> **What the task asks**
Leave the pictures in the listing below aside and reproduce exactly the lines starting with the one with "The pack contains" and going on through the one with "椰嗨果源生椰椰子汁植物蛋白饮料 果汁饮料245ml*24罐整箱装 中秋送礼", both ends included.
── Data provided ──
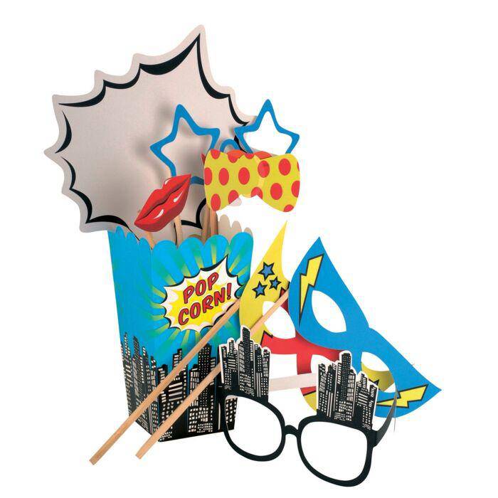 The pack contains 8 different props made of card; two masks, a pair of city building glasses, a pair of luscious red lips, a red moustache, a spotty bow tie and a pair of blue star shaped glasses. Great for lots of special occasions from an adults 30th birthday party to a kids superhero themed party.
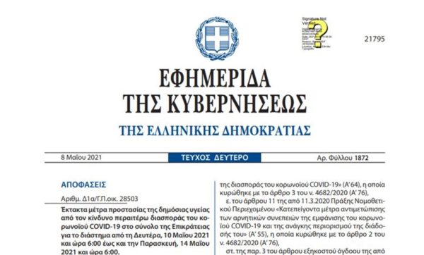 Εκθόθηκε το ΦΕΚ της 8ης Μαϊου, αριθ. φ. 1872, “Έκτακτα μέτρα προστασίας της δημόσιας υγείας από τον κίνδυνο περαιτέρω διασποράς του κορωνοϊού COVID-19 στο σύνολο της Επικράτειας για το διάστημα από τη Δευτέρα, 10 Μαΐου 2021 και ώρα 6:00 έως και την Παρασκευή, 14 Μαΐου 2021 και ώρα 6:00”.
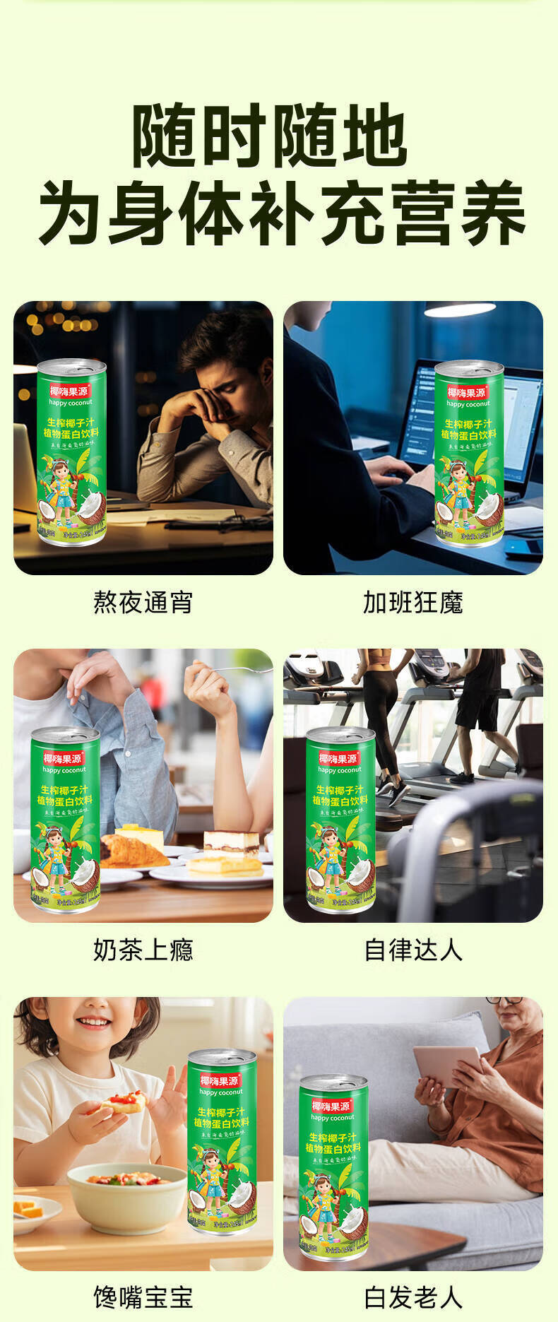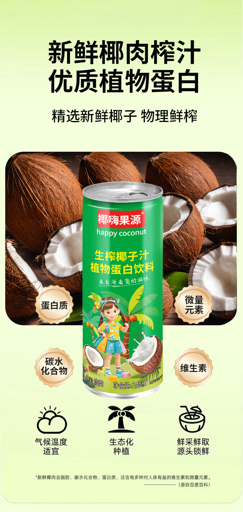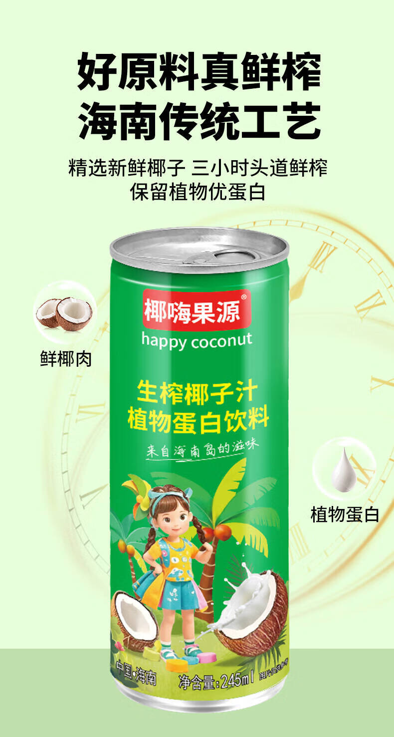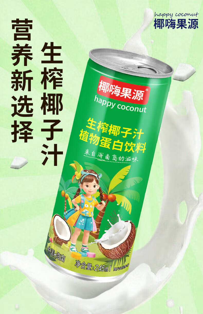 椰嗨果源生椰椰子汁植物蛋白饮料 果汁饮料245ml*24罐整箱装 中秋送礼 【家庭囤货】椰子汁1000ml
───
── Data provided ──
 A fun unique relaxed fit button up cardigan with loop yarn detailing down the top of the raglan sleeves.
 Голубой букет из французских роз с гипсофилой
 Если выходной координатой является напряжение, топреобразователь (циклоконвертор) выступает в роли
───
> **Solution below**
 The pack contains 8 different props made of card; two masks, a pair of city building glasses, a pair of luscious red lips, a red moustache, a spotty bow tie and a pair of blue star shaped glasses. Great for lots of special occasions from an adults 30th birthday party to a kids superhero themed party.
 Εκθόθηκε το ΦΕΚ της 8ης Μαϊου, αριθ. φ. 1872, “Έκτακτα μέτρα προστασίας της δημόσιας υγείας από τον κίνδυνο περαιτέρω διασποράς του κορωνοϊού COVID-19 στο σύνολο της Επικράτειας για το διάστημα από τη Δευτέρα, 10 Μαΐου 2021 και ώρα 6:00 έως και την Παρασκευή, 14 Μαΐου 2021 και ώρα 6:00”.
 椰嗨果源生椰椰子汁植物蛋白饮料 果汁饮料245ml*24罐整箱装 中秋送礼 【家庭囤货】椰子汁1000ml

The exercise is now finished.